Recognising the boom in livestock economy, way back in 2010-11, economists


predicted that overall agriculture growth will be high. In 2009, despite severe
drought, the agriculture sector registered growth due to the booming livestock
economy. Livestock has assumed the most important role in providing
employment and income generating opportunities. While crops still employ the
maximum people, employment in livestock is fast catching up.

Rise of the livestock sector has implications for poverty. Rural poverty is less in
states where livestock contributes more to farm income. Punjab, Haryana,
Jammu & Kashmir, Himachal Pradesh, Kerala, Gujarat and Rajasthan are a case
in point. Mostly, marginal farmers and those who have quit farming are joining
the livestock business.

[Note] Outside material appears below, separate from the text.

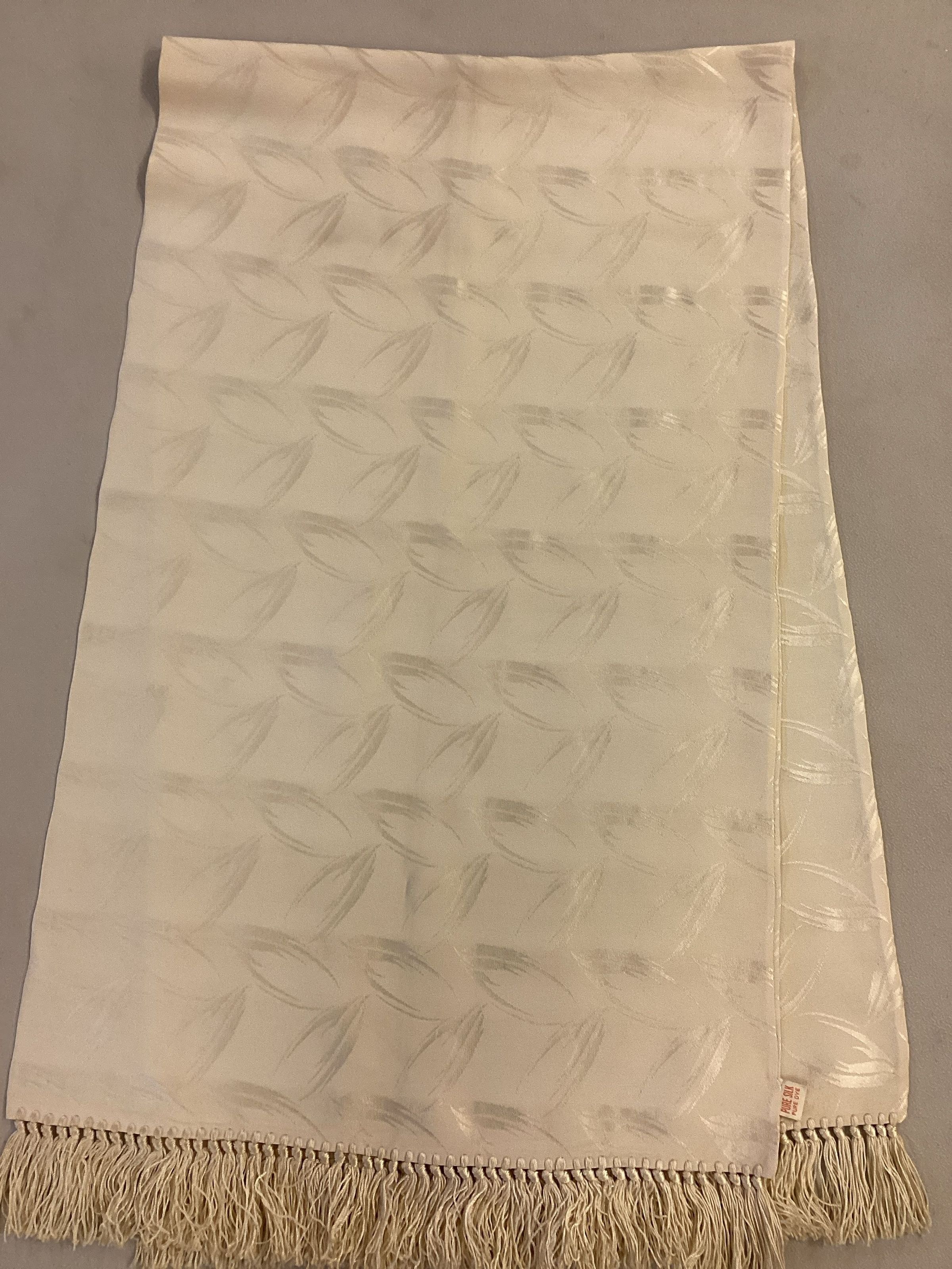 Beige silk damask material, 50” long, 14 1/2” wide, possibly a table or bureau scarf. Knotted fringe at both edges.Collection

About 70% of the livestock market in India is owned by
67% of the small and marginal farmers and by the landless. One way, prosperity is
now more dependent on per capita livestock ownership than on farms. This
implies that the growth of the livestock sector would have more effect on poverty
reduction than the growth of the crops sector.

But this is not the full potential of the sector. Absence of policy focus has stifled
the sector that caters to the poorest. India’s livestock productivity is 20-60%
lower than the global average. Deficiency of feed and fodder is the biggest factor
responsible for 50% of the total unrealised production potential, followed by
inadequate breeding and reproduction, and increasing diseases among animals.

As livestock is less prone to global warming and climate change, it can be


considered more reliable than rain-fed agriculture. But livestock receives only
12% of the total public expenditure on the agriculture and allied sector and 4-5%
of the total institutional credit flow into the sector. Hardly 6% of the livestock are
insured.

But now, with all these regulations and confusion over government’s own policy
towards cattle, the new economy of the poor is under grave threat. As
unemployment grips India, the livestock sector could have been a natural choice
to tide over the crisis. But if one farmer is not sure of selling a cattle, and not sure
about his or her security while dealing with cattle, the economy will just collapse.
Like in the free market, sentiment also is critical for the economy of the poor.